The cooling of the bid underpinning the USD, which started yesterday following the weak PMI data, has continued overnight and into the European session. The US Flash Markit Manufacturing Index fell to 50.6 in May versus 52.6 in April. It was at 56.4 a year ago. This is the worst since September 2009. New orders dropped into contraction at 49.7 versus 53.5. The services index slid to 50.9 from 53.0, and was at 56.8 last May. This is the weakest since February 2016. Prices charged have declined versus April. And the composite also declined to 50.9 from the prior 53.0, and was 56.6 last year. This is the lowest since May 2016. The data reflects the worrisome sentiment amid global risks.

Today, even beaten up Sterling continues to recover with 1.2700 in sight.

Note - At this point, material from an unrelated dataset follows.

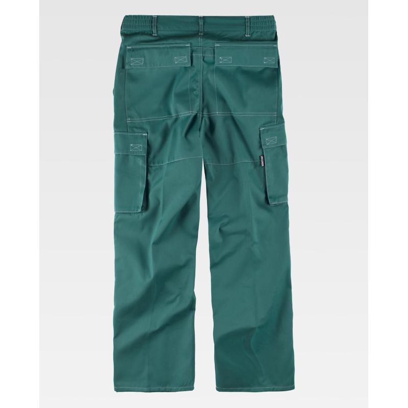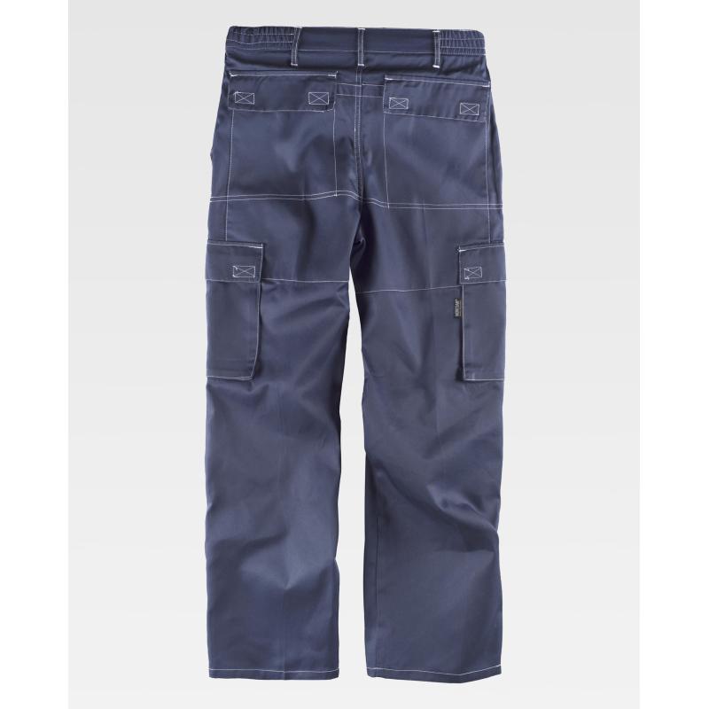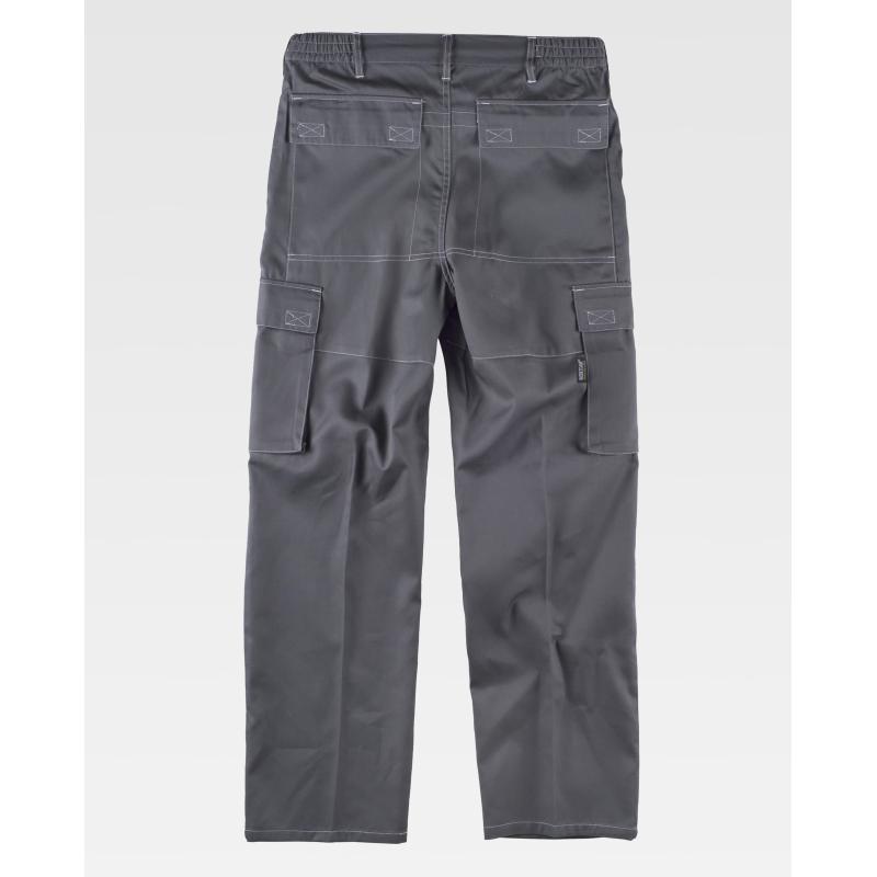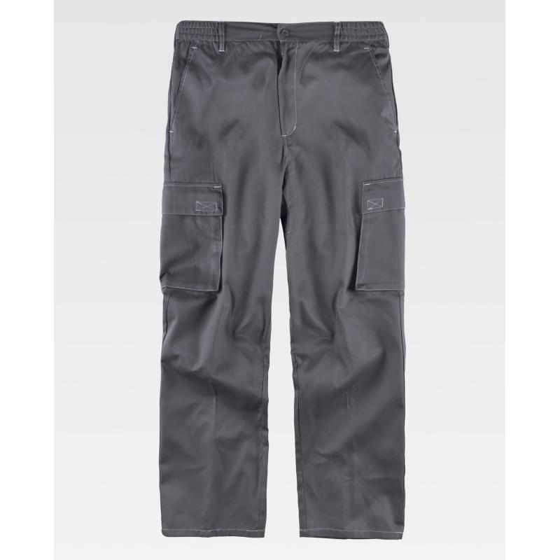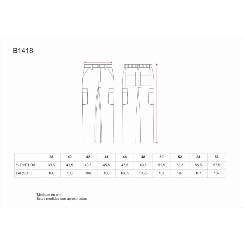 Pantalón con costuras a contraste. Dos bolsos de abertura inclinada en los costados, dos bolsos laterales de carga con cartera de velcro. Dos bolsos en el refuerzo de la culera con cartera de velcro. Elástico en los laterales de la cintura. Trabillas. Cierre de botón y bragueta de cremallera. 65% Poliéster 35% Algodón
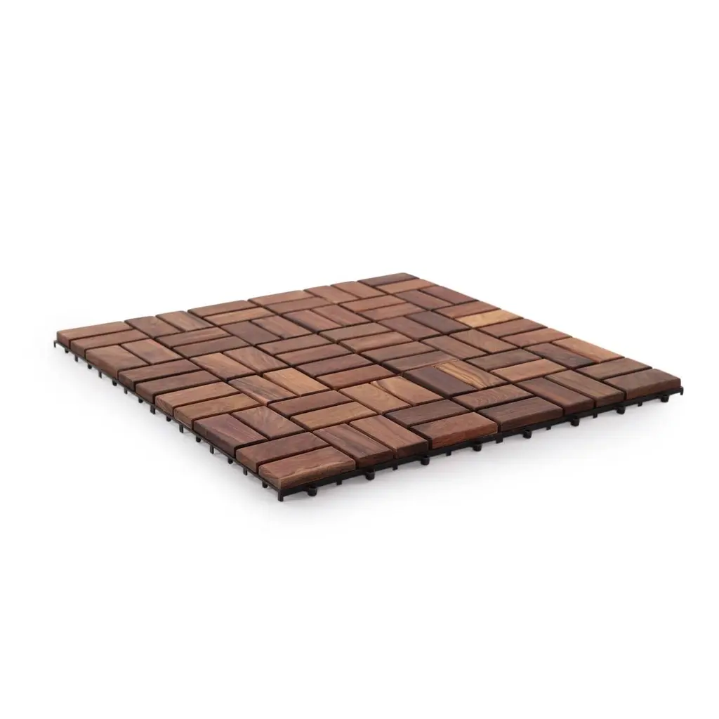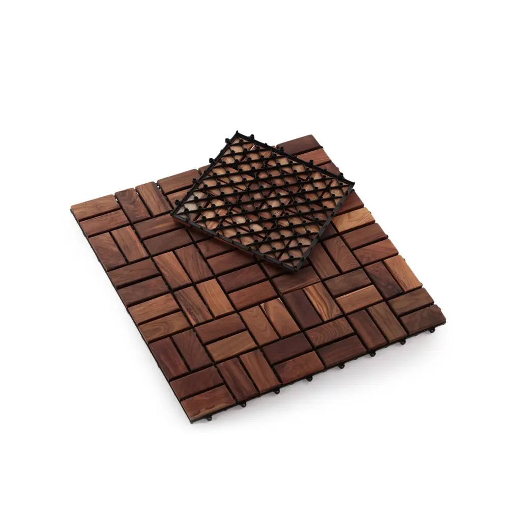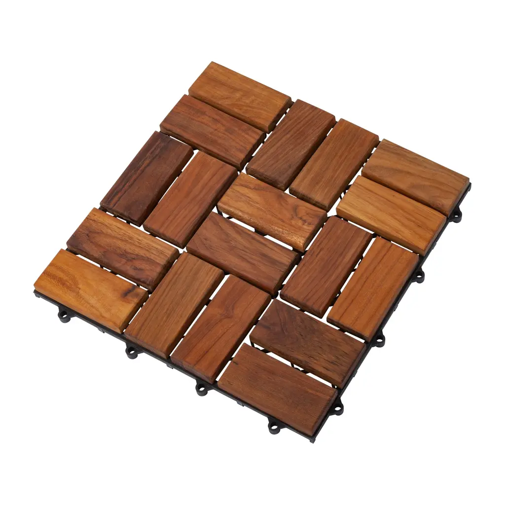 Zig Zag Teak Wood 18-Slat Square Interlocking Tile Set (Pack Of 10) - Pack Of 10

The departure of Mrs May  and her replacement by a harder-line Brexiteer is all but priced in to a lowly Pound today. The UK Retail Sales for April showed remarkable strength, being better than expected, and signals that the UK shopper will not be deterred and consumption remains robust. As the UK High Street reels from closures, the growth in the online sector in the three months to April helped to boost the reading and is largely driven by clothing purchases.

A surprising bright spot for UK data, however the UK economy is still struggling due to the Brexit uncertainty and one data point certainly “does not a trend change make”.  EURGBP yesterday completed 14 consecutive days of gains, its largest rally since the Euro became legal tender in 1999.